La designación de Carlos Abascal Carranza como secretario de Gobernación, es una buena decisión del presidente de la República en atención a los resultados que dicho funcionario ofreció en la Secretaría del Trabajo.
Carlos Abascal surge de la iniciativa privada después de una carrera notable y el ejercicio de un liderazgo a nivel nacional desde la presidencia de la Confederación Patronal de la República Mexicana, el más poderoso sindicato de afiliación voluntaria de los empresarios mexicanos.
Su ingreso a la Secretaría del Trabajo estuvo precedido por la promoción de una nueva cultura laboral durante el sexenio de Ernesto Zedillo, visualizada en conjunto con los dirigentes del Consejo Coordinador Empresarial y el Congreso del Trabajo.
Su paso como ejecutor de la actual política presidencial en materia laboral, se distingue por un desempeño serio y negociador que hizo descender el número de huelgas a niveles históricos, a pesar del ambiente de turbulencia y crispación que en lo político ha caracterizado al presente sexenio.
Los elementos básicos de esta nueva cultura laboral que promueve Abascal, tienden a una mayor responsabilidad de empleadores y trabajadores, el desarrollo de la democracia sindical y mejores salarios sobre la base del rendimiento personal. La propuesta de Abascal no ha prosperado en el Congreso, por virtud de la confrontación entre el Gobierno Federal y los partidos de oposición, que mantiene frenadas las reformas legislativas que requiere el país.

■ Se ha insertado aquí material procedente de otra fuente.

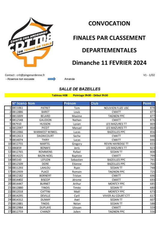 Vous trouverez en pièce jointe la convocation pour les finales par classement qui auront lieu: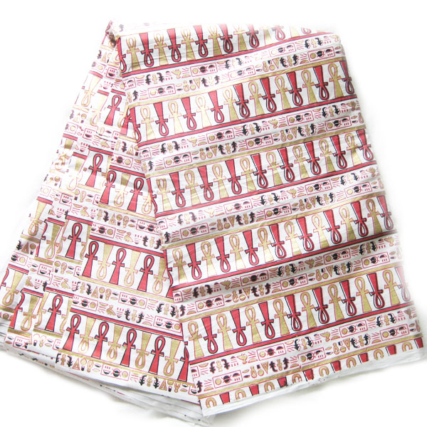 - 詳細 : 白地ベースに赤×ゴールドのアンク模様のアフリカンバティックです。

Algunos comunicadores y medios de prensa se han lanzado en contra del nuevo secretario de Gobernación, en una campaña que centra los ataques en la profesión de la religión católica del secretario y su condición de laico comprometido con los principios de la doctrina Socialcristiana.
Los señalamientos evocan conflictos del siglo diecinueve y revelan un carácter discriminatorio que debe ser conjurado en aras de la pluralidad y la convivencia, porque todos merecemos respeto en cuanto a nuestro modo de pensar, credo, raza y clase social. En todo caso, los funcionarios públicos (y toda persona) deben responder de sus actos y de los resultados de sus actos y no deben ser juzgados por su manera de pensar o de profesar una creencia.
En un ejercicio de la política en nuestro país, en el que el relativismo, la falta de principios y la ausencia de referentes éticos han sido la regla general al través de la historia, es positivo que participen cada vez más en los puestos públicos, ciudadanos formados en las religiones o filosofías que fueren, que promuevan en los hechos el bien común de la sociedad y el respeto a la dignidad y a los derechos fundamentales de la persona humana.
Los cierto es que los críticos de Abascal Carranza no le perdonan su origen como simple ciudadano que desde una posición de dirigente social, remonta a puestos antes reservados de manera exclusiva y excluyente a elementos designados en función de los intereses del grupo en el poder a los ritmos y conveniencia del antiguo régimen de partido de Estado.
Los ataques en contra de Abascal debido a su fe religiosa, acusan un alto grado de descomposición de nuestra vida pública, que se manifiesta en los múltiples conflictos en los que los mexicanos estamos inmersos y que es preciso resolver.
Ante los riesgos que lo anterior implica para nuestro país y a propósito de la Iglesia Católica, conviene recordar las palabras que el 23 de junio de 1986, pronunció el entonces cardenal Joseph Ratzinger hoy Benedicto XVI, en el marco de un encuentro sacerdotal en Alemania: “un pueblo puede destruirse a sí mismo por completo, sin necesidad de agresiones exteriores, cuando ha perdido la capacidad de paz y de reconciliación...”.